Two random news stories last week — Dick Robertson’s retirement as president of Warner Bros. Domestic TV, and the sale of “Tyler Perry’s House of Payne” sitcom to TBS and four Fox TV stations — may end up as being anything but random.
During his three decades as a top syndication exec, Robertson had a big influence on shaping the traditional major-studio model of how to sell programs to cable networks and TV stations.
But Mort Marcus and Ira Bernstein, who run Lionsgate’s Debmar-Mercury, the distributor of “House of Payne,” are convinced that the syndie business as embodied by Robertson is desperate to start breaking the old rules, particularly with sitcoms.

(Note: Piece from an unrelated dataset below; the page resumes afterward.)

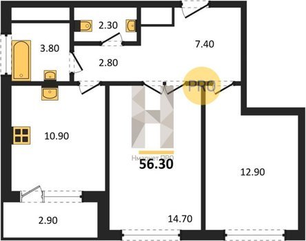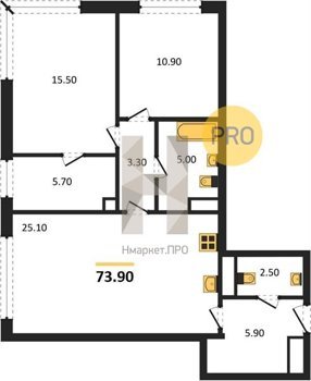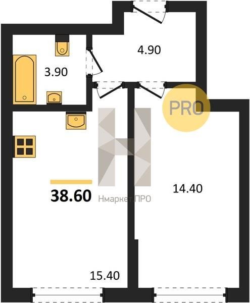Площадь от 34.8 м2

What Perry and Debmar-Mercury have come up with is a phenom that’s unique in the history of television: They’ll deliver, first to TBS and then to TV stations throughout the country, a 100-episode sitcom right out of the box. From day one, the buyers will be able to schedule the comedy five or 10 times a week.
And in a further departure, Perry actually wrote, produced and directed 10 episodes of the show for an unprecedented 10-market test earlier this summer. The test got an A on the Nielsen report card for all 10 markets, and the show was off and running.
The series follows the members of a multigenerational family who live under one roof: Parents, their divorced son and his two children, with other characters that include his ex-wife, his girlfriend and the nosy next-door neighbor.
In an era when top-rung sitcoms are as scarce as bar mitzvah invitations to Mel Gibson, Debmar-Mercury is expecting to clear at least 90% of the country when “Payne” becomes available to the syndication marketplace in fall 2008.
In the past, the sitcoms ordered by cable or syndication came in short bursts of 13 episodes or, at most, 22 episodes, suitable for play once a week. The hope, which rarely materialized, was that the comedy would draw an audience and get renewed every year until it reached the magic 100-episode quota.
The failure of that hope is the reason why cable networks and TV stations have had to fall back on the time-honored syndie blueprint: buying reruns of hit broadcast comedies, led by “Seinfeld,” “Everybody Loves Raymond,” “The Simpsons” and “Friends.”
But, except for “Simpsons” (which may go on forever), these reruns are getting a bit stale, and the orthodox way of doing business doesn’t appear to be yielding a bumper crop of replacement shows.
So the timing of “Payne” is exquisite, and the marketplace is responding.
TBS was so impressed with the ratings of the 10-market test of “Payne” earlier this summer that it agreed to pony up a six-year license fee of $45 million or so for the delivery of at least 75 episodes by next summer. (The final 25 half-hours will be available in 2008.)
For TBS, the 10-station test showed that “Payne,” unlike ethnic sitcoms such as “Girlfriends” and “The Parkers,” has potential crossover appeal. Perry says he loves the sitcoms produced by Norman Lear in the ’70s such as “Good Times” and “The Jeffersons,” which drew masses of both white and black viewers.
One lesson Perry has drawn from Lear, he says, is how to meld comedy and drama in a way that seems to appeal to a mass audience.
Fox is also bullish about “Payne”: The four-year license fee from the Fox-owned TV stations in New York, Houston, Dallas and Washington could hit about $15 million. An additional $25 million or so could flow in from other TV stations once Debmar-Mercury starts negotiating with station groups around the country. (It has plenty of time because TBS purchased a 15-month exclusive window.)
While the license fees can be estimated within some predictable range, what won’t be known for a couple of years is how much money Debmar-Mercury will pocket from the three 30-second national spots within each half-hour.
If the combined Nielsens of TBS and the TV stations average a 3 household rating from 2008 to 2012, “Payne” could chalk up as much as $25 million a year in advertising revenues. Added to the license fees from TBS and the stations, Debmar-Mercury could be giving birth to a $200 million baby.
And Perry would harvest about 60% of that $200 million because he plans to bankroll the $500,000-an-episode production cost of “Payne” at his Atlanta studio, taking advantage of Georgia as a non-union state. Of the remaining 40%, Debmar-Mercury gets about 30% as its distribution fee and the barter company hired to sell the advertising time would collect 10% of so.
A big, fat payday is nothing new to Perry, who has rewritten the return-on-investment guidelines with his first two movies: “Diary of a Mad Black Woman” (cost: $5.5 million; domestic gross: $50.4 million) and “Madea’s Family Reunion” (cost: $6 million; domestic gross $63.2 million).
However, TV is a different animal from the movies, and if “Payne” proves to be a dud, advertisers won’t rush to support it.
But Perry would still come out OK: He’d put the 100 episodes out on DVD and make another fortune.